→ **HOW TO COMPLETE THIS TASK**: In this exercise, copy exactly the lines from the one that contains "El rector durant" through the end of the entries below; pictures are not copied.

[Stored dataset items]
..............................

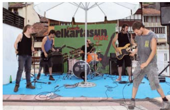
Kaosarenasoak Elkartasun Eguneko kontzertuan
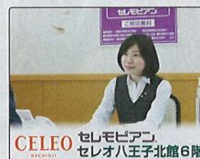
CELEO セレモア セレオ八王子北館 6階
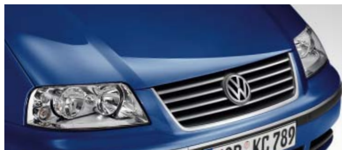
Shadow Blue Metallic-Lackierung P6
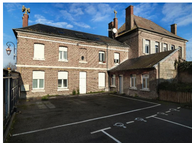
Façade postérieure de l'école.
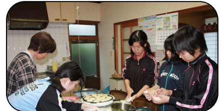
宿泊するお宅でおやきづくり
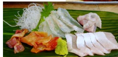
赤貝・ひらめ(縁側)・ヒラマサ(腹)
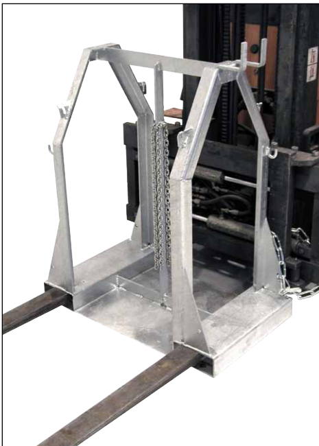
Typ SFP 4
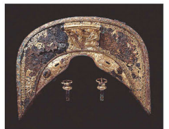
藤ノ木古墳出土鞍金具
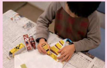
一銭バタの絵付け体験の様子

問合せ 長崎県実行委員会事務局(県のながさきピース文化祭課内) ☎095-895-2765
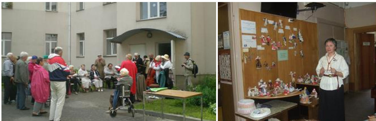
RCB Ķengaraga filiālbibliotēkas organizētie pasākumi
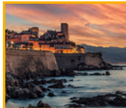
Journée à Antibes
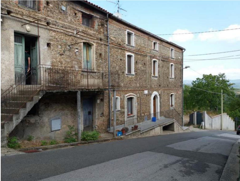
Foto n. 4: Fabbricato in muratura costituito di tre piani fuori terra e censito in catasto fabbricati dalla particella 31, foglio di mappa 27 del comune di Decollatura.
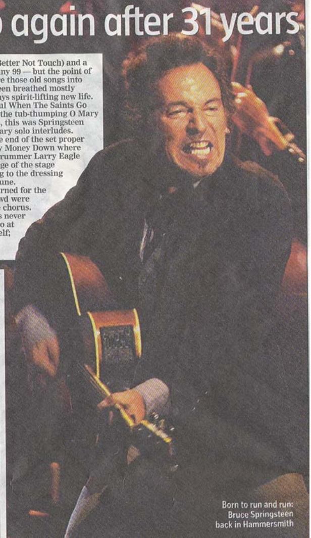
Born to run and run: Bruce Springsteen back in Hammersmith

Voted World's Best Business Class 3rd year running.
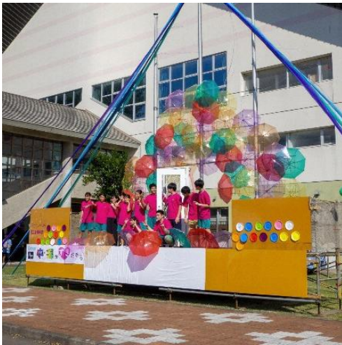
なかごう夏まつりでは、イベント用の舞台や流しそうめん企画など
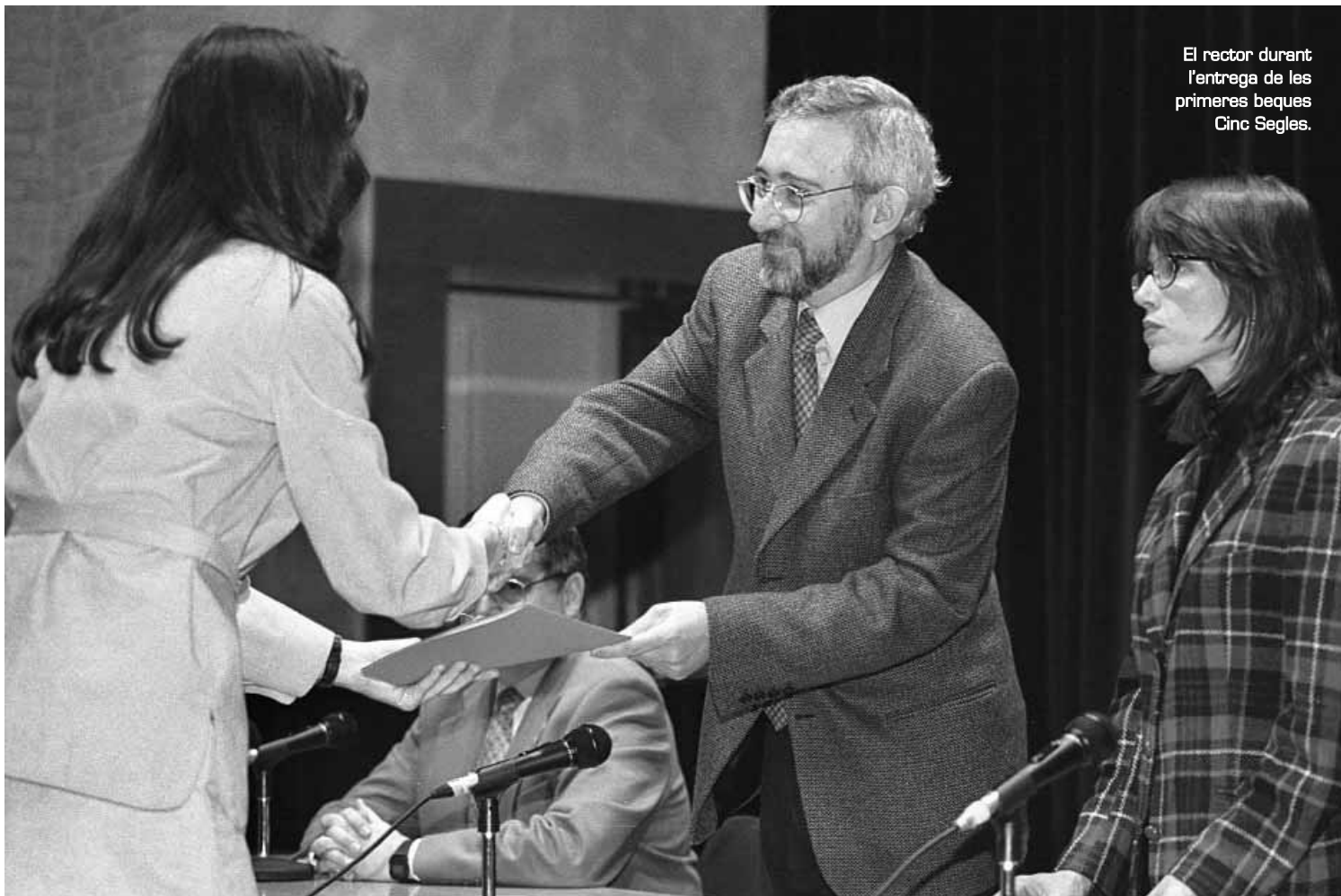
El rector durant l'entrega de les primeres beques Cinc Segles.

SABIES QUE...? Entre els mesos de juliol i agost d'enguany, una expedició de la Universitat de València emprendre l'ascensió a la muntanya Gasherbrum II (Pakistan), de 8.035 metres d'altitud. Simultàniament s'hi desplegarà un programa científic i d'investigació.
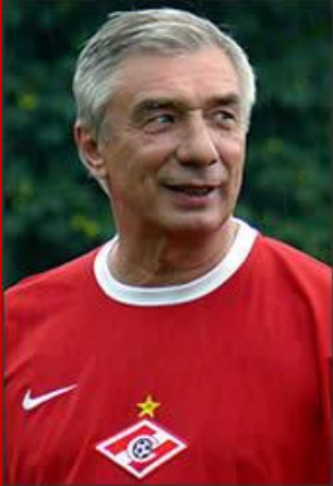
Ярцев Георгий Александрович. Нападающий Спартака. В 96-м году с пионеротрядом стал чемпионом России. Тренер сборной России 2003-2004 Знаменитое поражение от Португалии

..............................

→ **PROBLEM SOLUTION**:
El rector durant l'entrega de les primeres beques Cinc Segles.

SABIES QUE...? Entre els mesos de juliol i agost d'enguany, una expedició de la Universitat de València emprendre l'ascensió a la muntanya Gasherbrum II (Pakistan), de 8.035 metres d'altitud. Simultàniament s'hi desplegarà un programa científic i d'investigació.
Ярцев Георгий Александрович. Нападающий Спартака. В 96-м году с пионеротрядом стал чемпионом России. Тренер сборной России 2003-2004 Знаменитое поражение от Португалии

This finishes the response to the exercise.